Geothe corpus we are about to study includes three documents
The corpus we are about to study includes three documents. First one is an extract of an article written by the journalist William Booth, dealing with the “second great wave of immigration” in the United States. The second one is divided into two pie charts showing percentages of main ethnic groups in the US population in 1997 and in 2050 (the informations given for that date are expectations), Both document 1 and 2 are from the newspaper Washington Post, published on February 22nd, 1998, and are primary sources.
The third document is a cartoon of Engelhardt in The Saint-Louis dispatch, taken from Civilisation des États-Unis published in 1995, it is a secondary source.
This corpus deals with the melting pot in the USA, and maybe the end of it.
We will study in a first part what is called the “melting pot” in the United States, and then we will talk about its limits and its consequences.
Firstly let's define the term, the “melting pot” is used as a metaphor to describe an heterogeneous society -in the USA the result of its huge immigration, which we will talk about later – becoming more homogeneous: when the different elements “melt together” into an harmonious whole with a common culture.
Concerning the United States, that expression was in use by the 1780s to talk about the assimilation of their immigrants to their new country.

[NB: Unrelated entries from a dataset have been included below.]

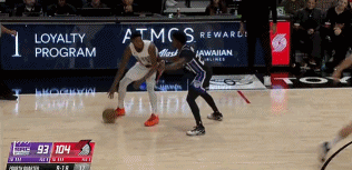 阿夫迪亚偏向 “虎山行”,面对国王两人围堵毫无惧色强行突破,顶着防守完成上篮得分;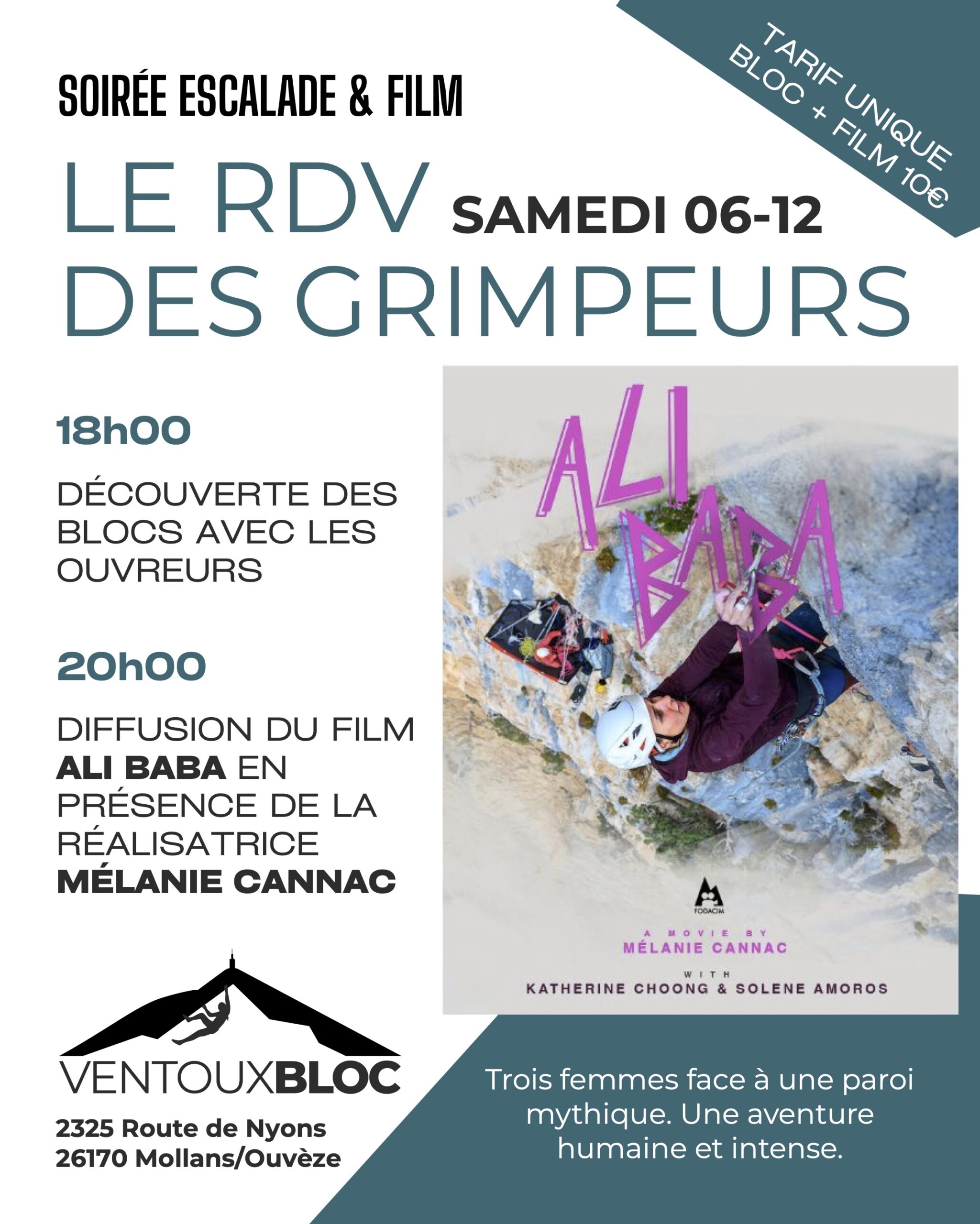 Samedi 6 décembre - 1er RDV des GRIMPEURS - Diffusion du film ALI BABA avec la présence de la réalisatrice Mélanie Cannac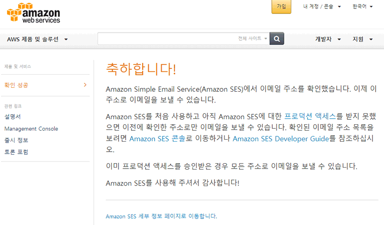 그림 27-5 SES 이메일 주소 인증 메일 발송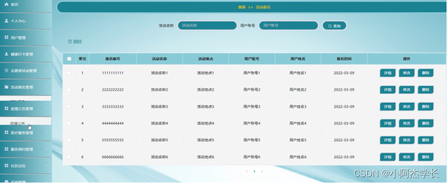 活动报名管理;在活动报名管理页面可以对索引、报名编号、活动名称、活动地点、用户账号、用户姓名、报名时间等内容进行详情、修改或删除等操作,如图5-12所示。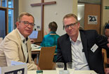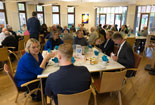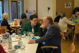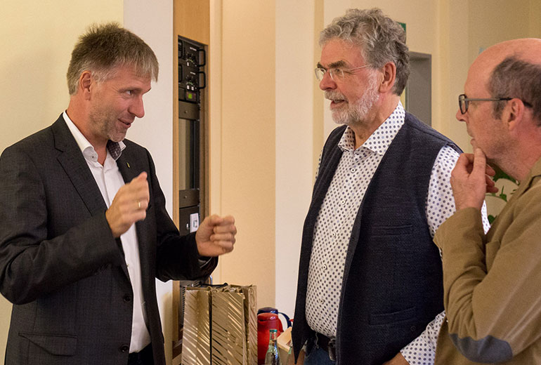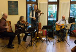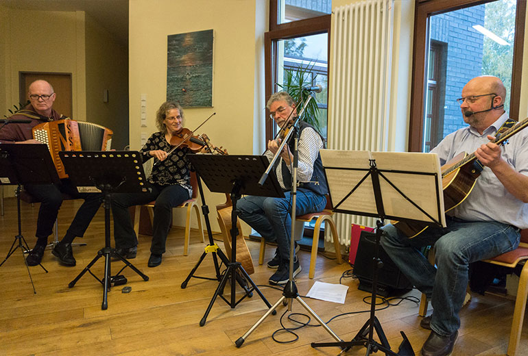 Bei Kaffee und Kuchen kamen die geladenen Gäste untereinander anschließend näher ins Gespräch und nutzten die Gelegenheit, sich auszutauschen. Für die musikalische Untermalung sorgte dabei eine von FWZ-Vorstandsmitglied Reinhold Leusing zusammengestellte, international besetzte „Band ohne Namen“: Die im Orkest van het Oosten engagierte Violinistin Dorothea Mertin, der aus Enschede stammende Akkordeonspieler Nico-Jan Beckers und der in der Steinfurter Volker-Leiss-Band aktive Sänger und Gitarrist Thomas Krause unterhielten neben Leusing selbst (Violine und Gitarre) mit einem bunten Mix aus Musette, Folk und Bossa und erhielten für ihre kurzweiligen Vorträge reichlich Applaus.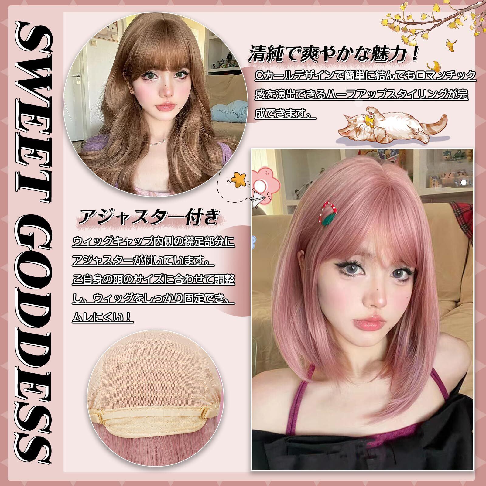 Hawkko ウィッグ セミロング ボブ ストレート ミディアム 黒髪 ショート ウィッグ ロング フルウィッグ レディーズ ぱっつん前髪 女性 かつら カツラ 女装ウィッグ 自然 ロングウイッグ コスプレ 原宿系 日常 wig 小顔 耐熱 ネット/櫛付き(アッシュピンク) | Bloomia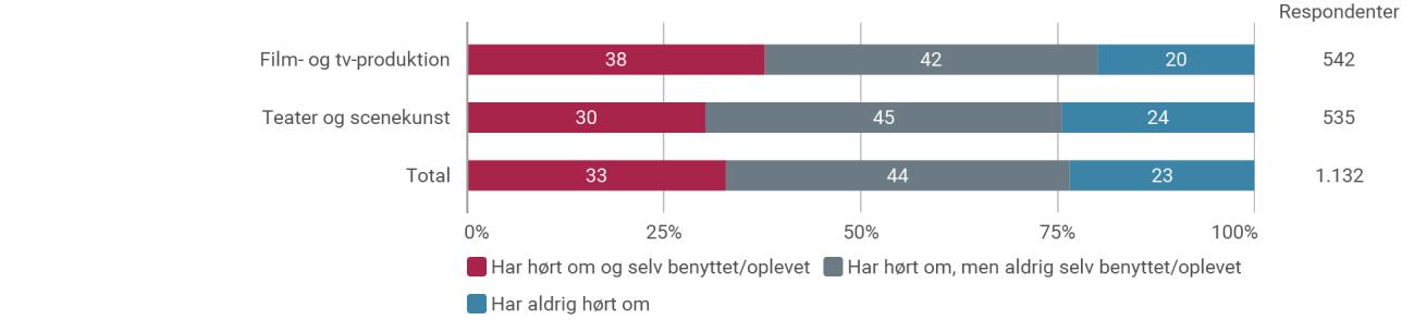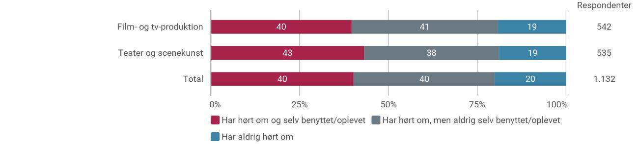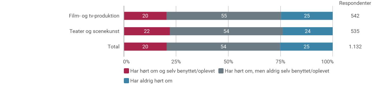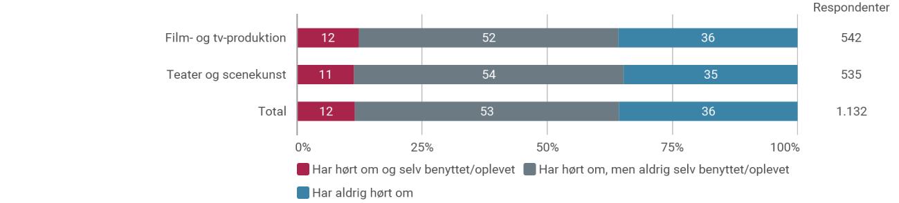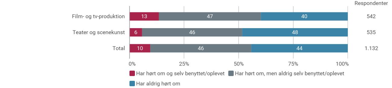 Udover hvilke initiativer respondenterne har mødt i branchen, er det ligeledes interessant at belyse hvilke former for arrangementer de eventuelt har deltaget i. Overordnet set har flere respondenter i film- og tv-produktionsbranchen (44%) deltaget i arrangementer end i teater og scenekunstbranchen (27%). Flest angiver at have deltaget i foredrag/oplæg/branchemøder/debatter. I ”Andet” kategorien angives f.eks. interne personalemøder/produktionsmøder med fokus på grænseoverskridende adfærd.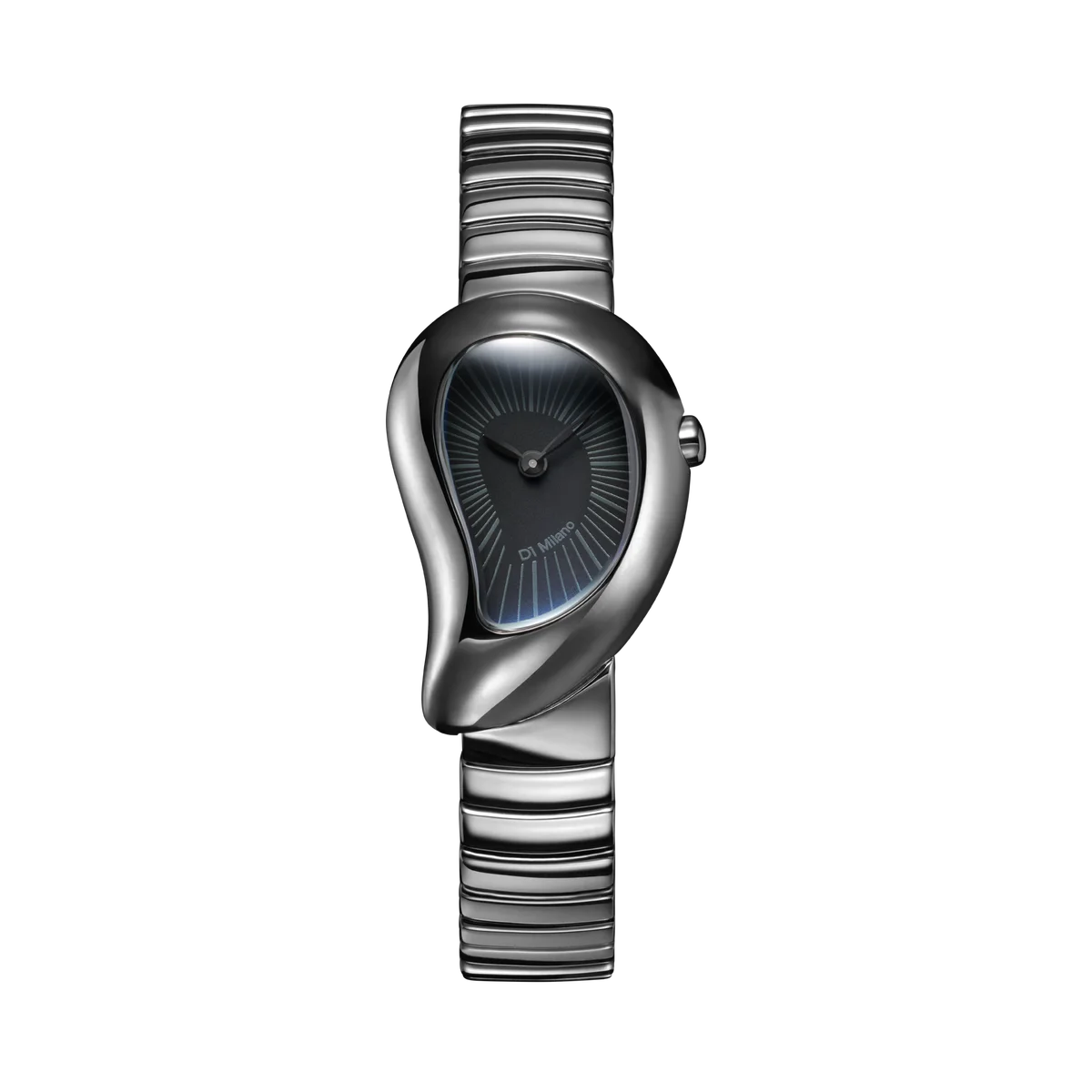 ブランドが掲げる哲学「FORM BEFORE TIME(時よりも、フォルムを)」を体現するプロダクトとして、DROPは「液体が落ちる瞬間」をデザインコンセプトに採用し、従来の直線的なケース設計から離れた曲線と陰影による造形美を追求しています。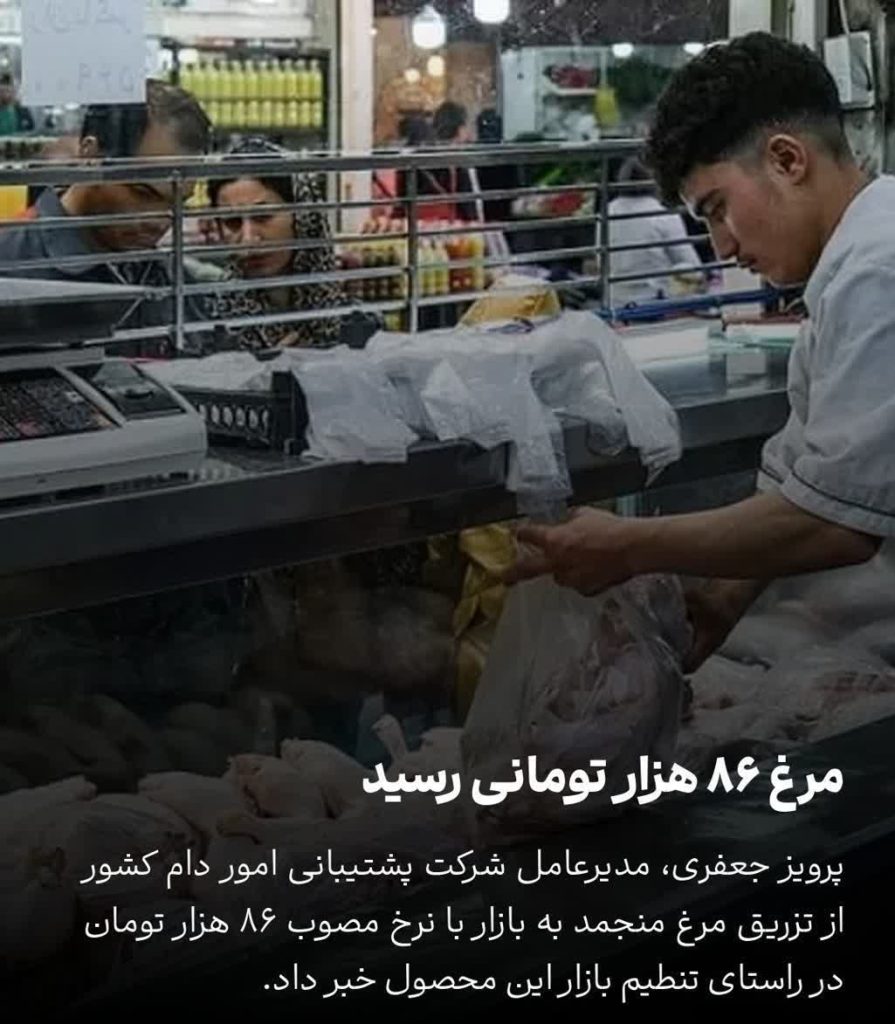 🔹ذخایر گوشت مرغ کافی است و کمبودی در این زمینه نداریم. همچنین مرغ منجمد با نرخ مصوب ۸۶ هزار تومان به بازار تزریق میشود تا بازار این محصول تنظیم شود.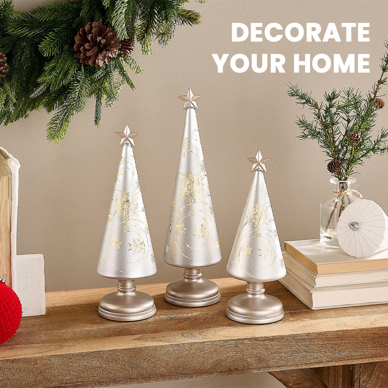 The exquisite resin star is located at the top of the tree, with a satin silver-toned round base, adding nobility and elegance to the entire decoration.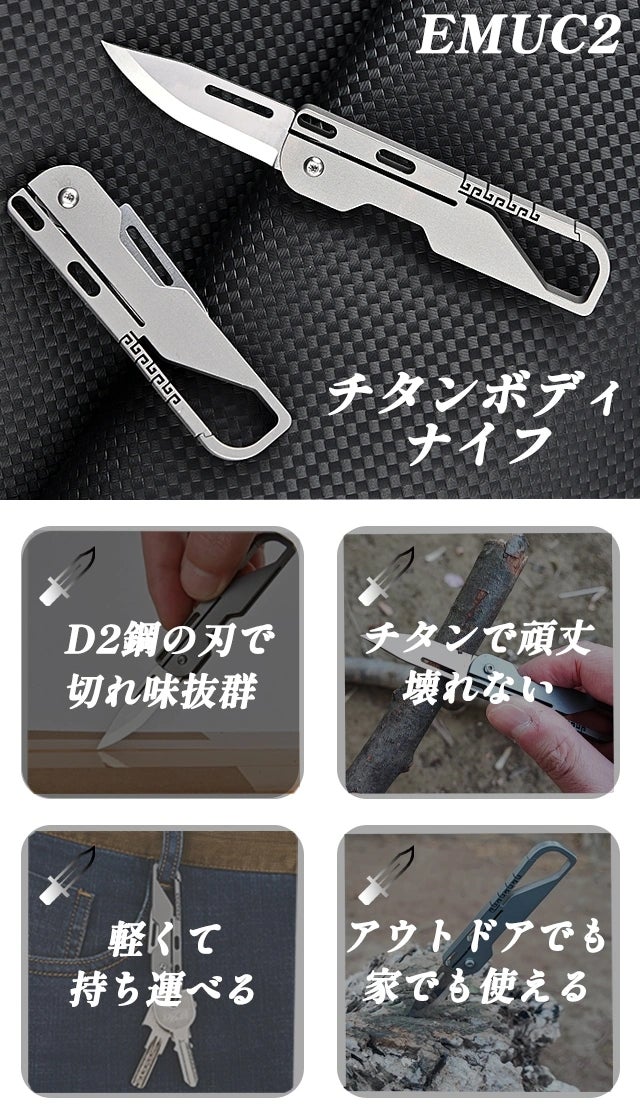 切れ味を追求したチタンボディナイフ「EMUC2」は、あらゆる「切る」シーンに対応します。

In the document 1, W. Booth defines it writing “the idea, so central to national identity, that this country [the USA] can transform people of every color and background into “one America”.”
In order to explain that phenomenon, we must briefly talk about the immigration in the United States.
The first immigration wave -1607 to 1790- brought 4 million people to America, 80% were black settlers ans 20% black slaves; from 1800 to 1880, the immigrants were mostly Europeans and constituted the “WASP stock” with the first wave of settlers, and around 200,000 Chinese labourers came to work on the rail roads.